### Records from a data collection
»»

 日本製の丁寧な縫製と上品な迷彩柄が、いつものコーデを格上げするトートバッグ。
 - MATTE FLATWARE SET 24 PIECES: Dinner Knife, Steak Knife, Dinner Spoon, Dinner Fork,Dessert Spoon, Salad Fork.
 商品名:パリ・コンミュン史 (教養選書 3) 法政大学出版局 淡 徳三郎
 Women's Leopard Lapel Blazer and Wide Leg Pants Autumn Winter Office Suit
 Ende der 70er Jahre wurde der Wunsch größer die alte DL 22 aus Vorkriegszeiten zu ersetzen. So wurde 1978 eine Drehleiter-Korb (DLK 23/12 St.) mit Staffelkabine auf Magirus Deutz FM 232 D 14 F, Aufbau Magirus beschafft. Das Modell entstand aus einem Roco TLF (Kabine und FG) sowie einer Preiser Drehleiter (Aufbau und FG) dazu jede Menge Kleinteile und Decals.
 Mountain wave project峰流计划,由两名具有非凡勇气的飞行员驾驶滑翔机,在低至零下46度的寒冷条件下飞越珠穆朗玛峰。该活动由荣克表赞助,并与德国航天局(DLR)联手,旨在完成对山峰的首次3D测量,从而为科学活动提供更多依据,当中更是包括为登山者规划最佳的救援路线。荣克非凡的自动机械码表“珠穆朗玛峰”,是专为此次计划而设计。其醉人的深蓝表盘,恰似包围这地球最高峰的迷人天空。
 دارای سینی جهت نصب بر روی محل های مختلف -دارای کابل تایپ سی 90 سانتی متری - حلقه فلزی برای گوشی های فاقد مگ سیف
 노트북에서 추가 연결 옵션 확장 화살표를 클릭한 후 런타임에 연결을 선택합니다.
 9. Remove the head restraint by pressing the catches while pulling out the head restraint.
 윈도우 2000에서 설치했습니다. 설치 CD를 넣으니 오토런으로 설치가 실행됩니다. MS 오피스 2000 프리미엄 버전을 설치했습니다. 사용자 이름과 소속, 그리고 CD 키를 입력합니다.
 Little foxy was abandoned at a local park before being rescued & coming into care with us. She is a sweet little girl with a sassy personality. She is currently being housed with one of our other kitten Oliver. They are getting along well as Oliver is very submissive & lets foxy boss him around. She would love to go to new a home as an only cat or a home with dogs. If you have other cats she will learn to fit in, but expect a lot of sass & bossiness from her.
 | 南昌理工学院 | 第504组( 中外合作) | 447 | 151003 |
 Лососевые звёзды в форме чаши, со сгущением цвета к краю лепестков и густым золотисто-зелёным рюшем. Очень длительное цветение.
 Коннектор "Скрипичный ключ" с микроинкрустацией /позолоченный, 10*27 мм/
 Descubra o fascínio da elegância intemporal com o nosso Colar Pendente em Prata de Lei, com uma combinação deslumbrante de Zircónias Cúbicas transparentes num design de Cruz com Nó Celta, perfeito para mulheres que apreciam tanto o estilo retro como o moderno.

««

### TASK TO COMPLETE
Exact duplication is required for the lines above, from the line that contains "노트북에서 추가 연결 옵션 확장 화살표를 클릭한 후 런타임에 연결을 선택합니다." to the line that contains "윈도우 2000에서 설치했습니다.", inclusive; omit all others.

### TASK ANSWER
 노트북에서 추가 연결 옵션 확장 화살표를 클릭한 후 런타임에 연결을 선택합니다.
 9. Remove the head restraint by pressing the catches while pulling out the head restraint.
 윈도우 2000에서 설치했습니다. 설치 CD를 넣으니 오토런으로 설치가 실행됩니다. MS 오피스 2000 프리미엄 버전을 설치했습니다. 사용자 이름과 소속, 그리고 CD 키를 입력합니다.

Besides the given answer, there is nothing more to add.